Solutions: 1. Il faut répondre au premier argument, que l'on pourrait répondre à ces passages de saint Chrysostome en disant qu'il ne parle pas là du curé qui est d'un ordre inférieur, mais de l'évêque, que l'on appelle le prêtre souverain, et c'est ce qui se trouve conforme au but de son ouvrage, dans lequel il se console, et il console saint Basile de ce qu'ils ont été promus à l'épis- copat. Mais laissant de côté cette réponse, on doit dire qu'il s'exprime ainsi relativement à la difficulté. Car il dit auparavant (cap. 6) que le pilote qui est au milieu des flots, et qui peut sauver son navire de la tempête, mérite alors de tout le monde un témoignage d'habileté. Puis il conclut par les paroles que nous avons rapportées (in arg.) au sujet du moine, c'est qu'il n'est pas comparable à celui qui, livré au peuple, reste immobile au milieu de tous les périls. Et il en donne la cause : c'est que l'un se gouverne au sein de la tranquillité et l'autre au milieu de la tempête. Ce qui ne prouve qu'une chose, c'est que l'état de celui qui a charge d'àmes est plus dangereux que celui du moine; car, quand on se conserve intact dans un plus grand danger, c'est la marque d'un plus grand courage. Mais il y a aussi de la grandeur d'âme à se soustraire aux périls en entrant en religion ; c'est pourquoi il ne dit pas qu'il aimerait mieux remplir l'office du prêtre que d'être dans la solitude du moine, mais qu'il aimerait mieux être agréable à Dieu dans le premier cas que dans le second, parce que c'est la preuve d'une plus grande vertu.

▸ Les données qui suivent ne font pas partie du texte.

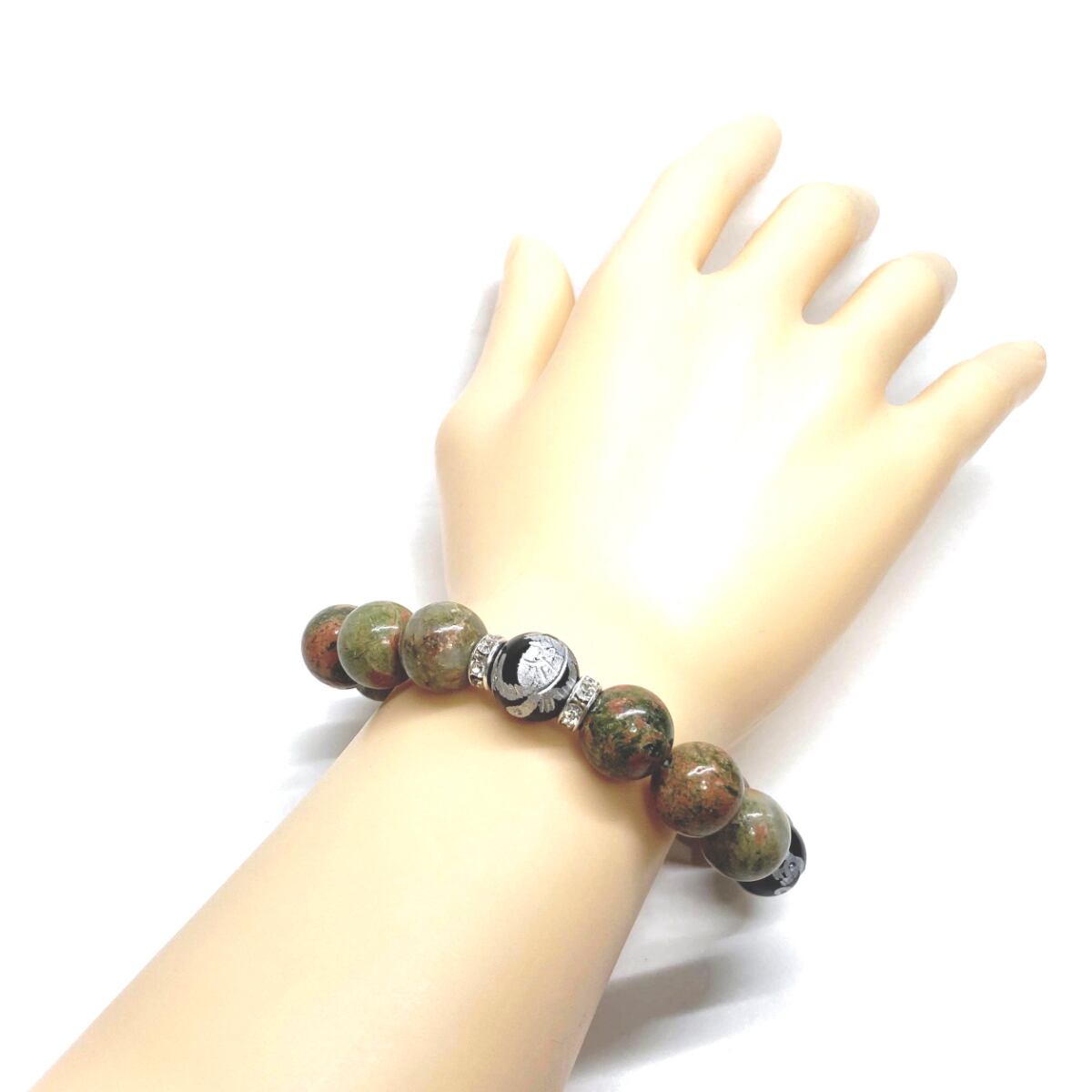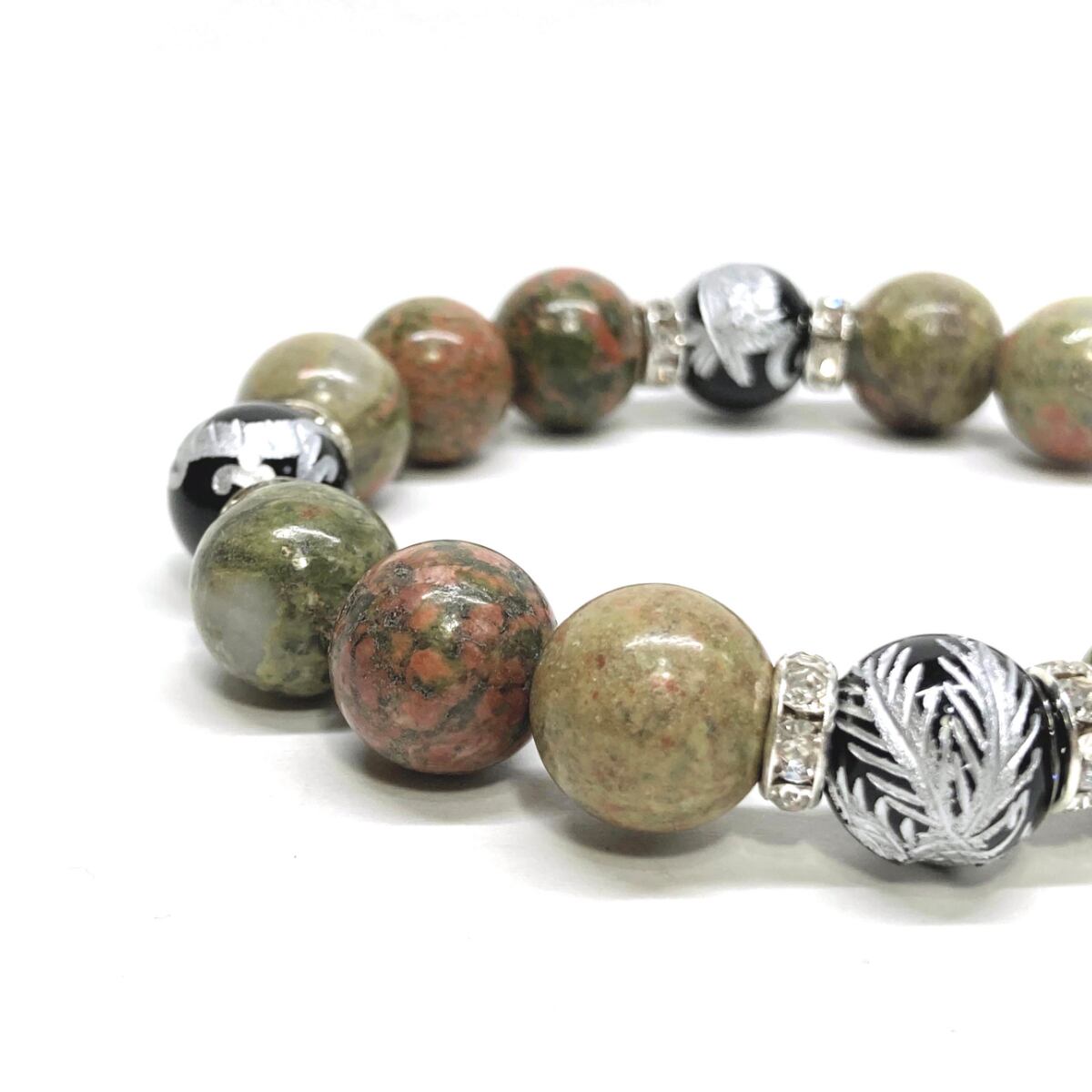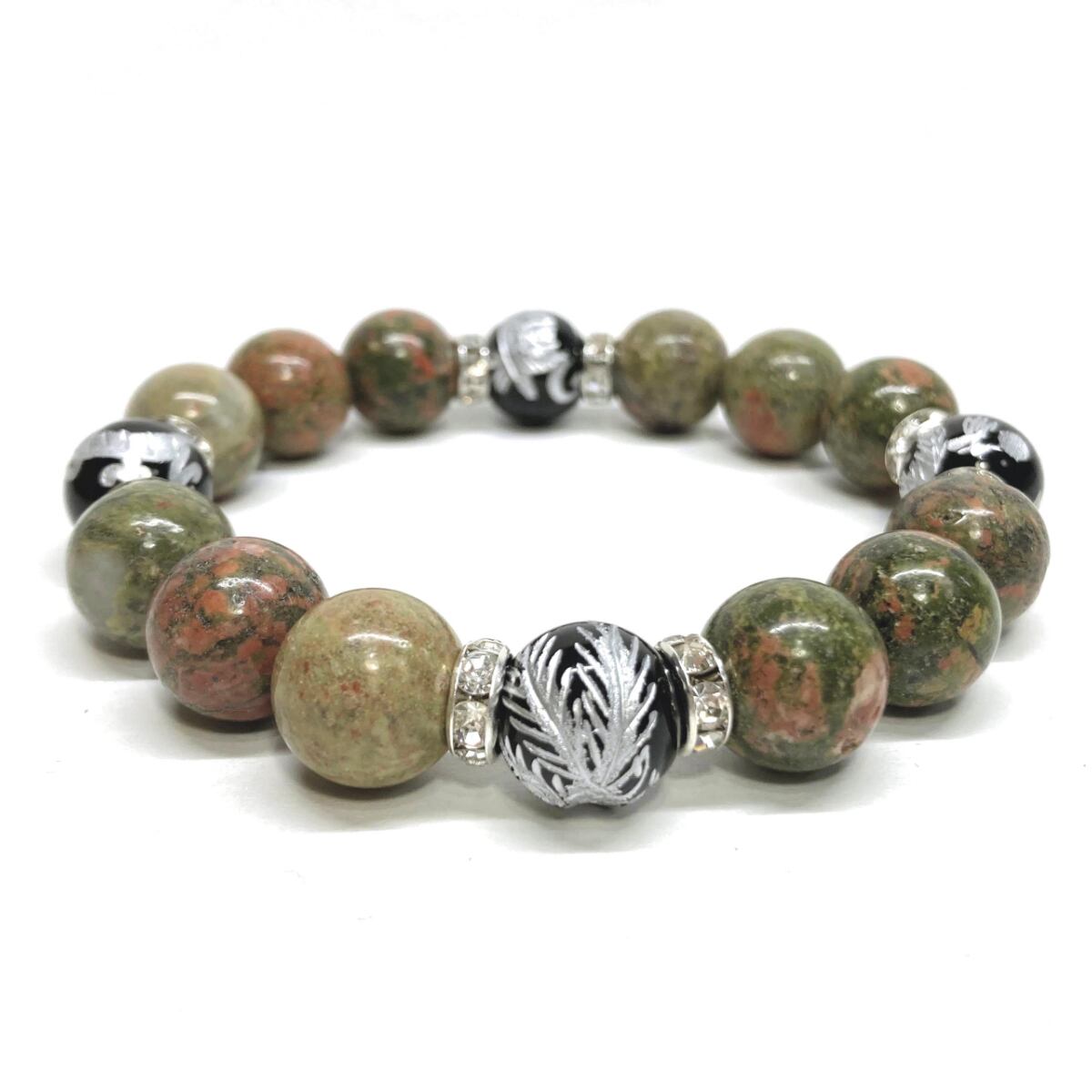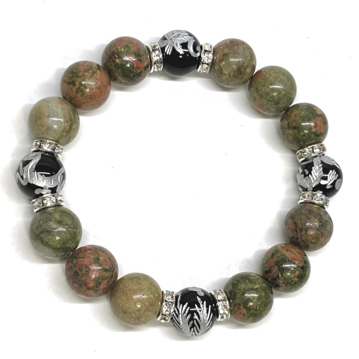 12mm 四神獣銀彫オニキス×ユナカイト パワーストーン ブレスレット天然石 運気上昇 開運 ☆ 健康運 お守り 青龍 白虎 玄武 朱雀 (シルバー)メンズ・レディース 男性・女性 数珠ブレス 開運 ☆ | パワーストーン 天然石 Kinari&Co.

2. Il faut répondre au second, que ce passage de saint Augustin se rapporte évidemment à la difficulté qui montre la grandeur de la vertu dans ceux qui se conduisent bien, comme nous l'avons dit (in solut. praec.).
3. Il faut répondre au troisième, que saint Augustin compare en cet endroit les moines aux clercs sous le rapport de l'ordre, mais non sous le rapport de l'état religieux et de la vie séculière.
4. Il faut répondre au quatrième, que ceux qui sont élevés de l'état religieux à la charge des âmes, et qui étaient auparavant dans les ordres sacrés, reçoivent quelque chose qu'ils n'avaient pas auparavant, l'office du soin des âmes ; mais ils ne quittent pas ce qu'ils avaient, l'état religieux. Car il est dit (Decret. XVI, quest. i, cap. 3) : A l'égard des moines qui sont depuis longtemps dans les monastères, s'ils parviennent ensuite à l'ordre ecclésiastique, nous décidons qu'ils ne doivent pas s'écarter de leur premier dessein. Au contraire, les curés ou les archidiacres, quand ils entrent • en religion, quittent la charge d'âmes qu'ils avaient, pour embrasser un état plus parfait. C'est ce qui démontre une supériorité de la part de l'état religieux. Mais quand les religieux sont élevés à la cléricature et qu'ils reçoivent les ordres sacrés, ils sont évidemment promus à un rang supérieur, comme nous l'avons dit (in arg. 4). Et c'est ce que prouve la manière dont s'exprime saint Jérôme, quand il dit : Vivez dans le monastère de telle sorte que vous méritiez d'être clerc.
5. Il faut répondre au cinquième, que les curés et les archidiacres ressemblent plus aux évêques que les religieux sous un rapport, c'est-à-dire relativement à la charge des âmes, qui pèse sur eux secondairement; mais à l'égard de la perpétuité de l'engagement qui est nécessaire à l'état de perfection, les religieux ressemblent davantage à l'évêque, comme on le voit d'après ce que nous avons dit (art. 5 et 6 huj. quaest.).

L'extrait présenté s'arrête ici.